RTÉ is funded both by television licence payments and by advertising. The licence fee is however one of the lowest licence fees in Europe and apart from a small rise late last year, has not risen for some years.

Each year RTÉ has sought an increase in the licence fee and each year since 1997, the Fianna Fail government has refused an increase. Síle de Valera, the Arts and Culture Minister, who is responsible for broadcasting, has consistently argued that RTÉ have not convinced her that it provides a value for money service.

But what sort of broadcasting service do the Irish get?

Ireland has four terrestrial TV channels and five national radio stations. In addition there are a growing number of local and regional commercial radio stations. Of the TV channels, two are run by RTÉ, one is an Irish language channel, and one is a commercial channel.

RTÉ’s two television channels have very different remits; RTÉ One provides a mix of News, Chat Shows, Films, Current Affairs and Drama. Approximately 70% of RTÉ One’s primetime output is home produced. Network Two on the other hand, concentrates on imported American shows such as Ally McBeal, Friends and Frasier, and shows all of RTÉ’s sports coverage. Apart from the sports, very little of Network 2’s output is home produced. RTÉ always try to ensure that Network 2 gets its American shows before Channel 4 in the UK.

TG4, the Irish language channel, is funded directly by the taxpayer. TG4 has produced some surprisingly popular programmes and has frequently shown great innovation within its restricted remit. Due to the nature of its programming nearly all of TG4’s output is home produced. TG4 is owned and operated by RTÉ but will shortly become an independent state broadcaster in it’s own right.

TV3, the commercial channel, has been a great disappointment. The major shareholders of TV3 are the Canadian network CanWest Global and the British TV Company Granada. TV3 has followed closely the example of Canada’s Global network and provides mostly live relays of ITV programmes from the UK. Since Granada own 45% of TV3, getting these programmes has never been a problem. To its credit, TV3 have provided an alternative news programme to RTÉ, but apart from providing good quality news programmes and a breakfast news programme, TV3’s cultural impact on Irish life has been minimal.

In addition, most Irish viewers can easily access the main UK TV channels – this has been a fact of life in Ireland since the early 1950s.

In such a TV market, RTÉ has to survive.

But it wasn’t always like that – from its inception in 1961 until as recently as 1998, RTÉ enjoyed a monopoly of Ireland’s legal TV airwaves. It was said by many that RTÉ grew complacent about its own position in Irish society. Change came far slower at RTÉ than at any other broadcaster. The Trades Unions were always powerful at RTÉ. For instance, ENG cameras purchased in 1977 could not be used for newsgathering until 1984. Even today, RTÉ do not produce a breakfast time news programme on TV because they cannot agree with the Unions how to provide this.

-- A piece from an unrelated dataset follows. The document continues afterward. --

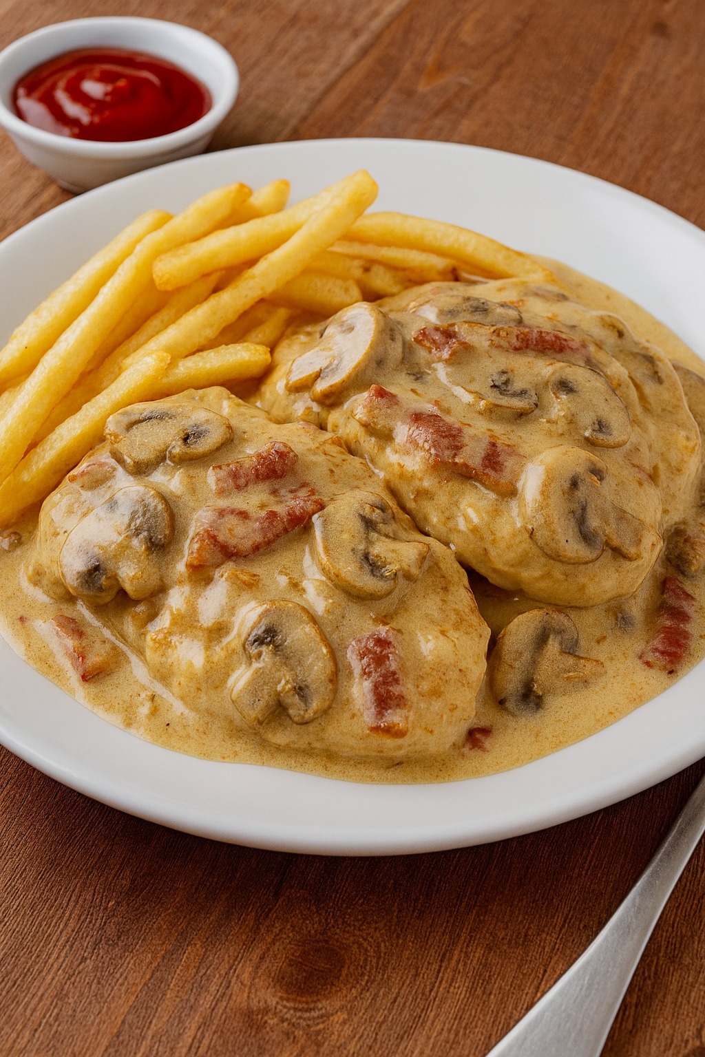 Los filetes de cerdo en salsa cremosa pertenecen a la tradición culinaria europea, especialmente de Francia y España, donde el cerdo siempre ha sido una proteína fundamental. Las salsas elaboradas con nata (crema de leche) surgieron para aportar suavidad a carnes magras como la pechuga de pollo o el lomo de cerdo. Con el tiempo, se empezaron a combinar ingredientes intensos como el jamón curado y los champiñones, creando platos más profundos, aromáticos y elegantes.
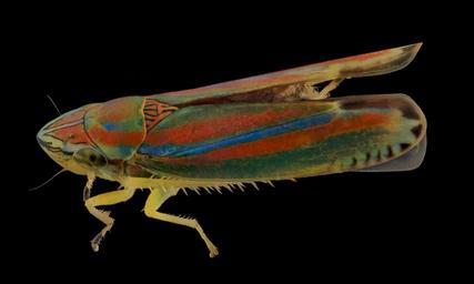 | Keywords: bug bugs animal animals animalia arthropod arthropods arthropoda insect insects insecta hopper hoppers hemiptera hemipteran hemipterans auchenorrhyncha cicadoidea leafhopper leafhoppers cicadellidae cicadellinae sharpshooter sharpshooters cicadellini graphocephala graphocephala versuta graphocephalaversuta taxonomy:binomial=graphocephala versuta taxonomy:binomial=graphocephalaversuta usgsbiml black background Graphocephala versuta - A beautiful multiculored, but minute leafhopper, here captured and photographed in Upper Marlboro, Maryland Graphocephala versuta - A beautiful multiculored, but minute leafhopper, here captured and photographed in Upper Marlboro, Maryland |

Although there was always a British alternative, RTÉ and RTÉ alone provided our country’s indigenous TV.

Since RTÉ had a TV monopoly, it could effectively charge what it liked for spot advertising. And if you didn’t like that, you couldn’t go anywhere else. For although Ulster Television was widely available across the Republic, the staunchly unionist owners of Ulster Television would rarely accept advertising money from the wicked South.

By the early 1980s, RTÉ was a fairly wealthy organisation. With a Fine Gael/Labour coalition government in power throughout much of the 1980s, RTÉ felt safe in its citadel in Montrose. Pirate radio was at its strongest then – the airwaves of Ireland were filled with stations and the government seemed to be letting the pirates get away with it. Also, at a time of high unemployment in Ireland, it seemed to many that one had to have a relative working in RTÉ in order to get work there. RTÉ was safe from government attention, as the coalition partners were completely unable to agree on providing a legal commercial alternative to the anarchy of Ireland’s airwaves.

However, by the end of the 80s, the party began to end for RTÉ. Fianna Fail returned to power in 1987 with the notorious Charles Haughey again at the helm. Fianna Fail always mistrusted the “pinko liberals” of Montrose and set about clipping RTÉ’s wings.

The even more notorious Ray Burke was appointed Minister for Communications in the 1987 Fianna Fail government, and wasted no time in setting up legislation for the provision of legal commercial broadcasting. This was no simple “legalise the pirates” act, this legislation would provide for commercial local broadcasting, for a national commercial radio station and even a national commercial TV station.

By 1989 the pirates were mostly off the air and the legal commercial local stations came on the air. A year later in 1990 the national commercial radio station, Century Radio came on the air and by 1991, a TV licence was awarded to Paul McGuinness, the U2 manager and James Morris of Windmill Lane studios. The consortium was known as ‘TV3’ and they embarked on a mission to find funding to start the station.

By the early 1990s, legal commercial broadcasting was at last a reality but Century Radio was struggling. In an attempt to rescue Century, Ray Burke decided to cap RTÉ’s advertising revenue. He also decided to convert 2FM, RTÉ’s national rock and pop radio station, into an educational station. Mercifully that particular hare-brained scheme never came to fruition. Despite Ray Burke’s meddling in the market, Century Radio collapsed and went off the air. Today FM, a replacement for Century finally appeared in 1998.

Despite all this, the revenue cap was to stay and this was to hurt RTÉ badly.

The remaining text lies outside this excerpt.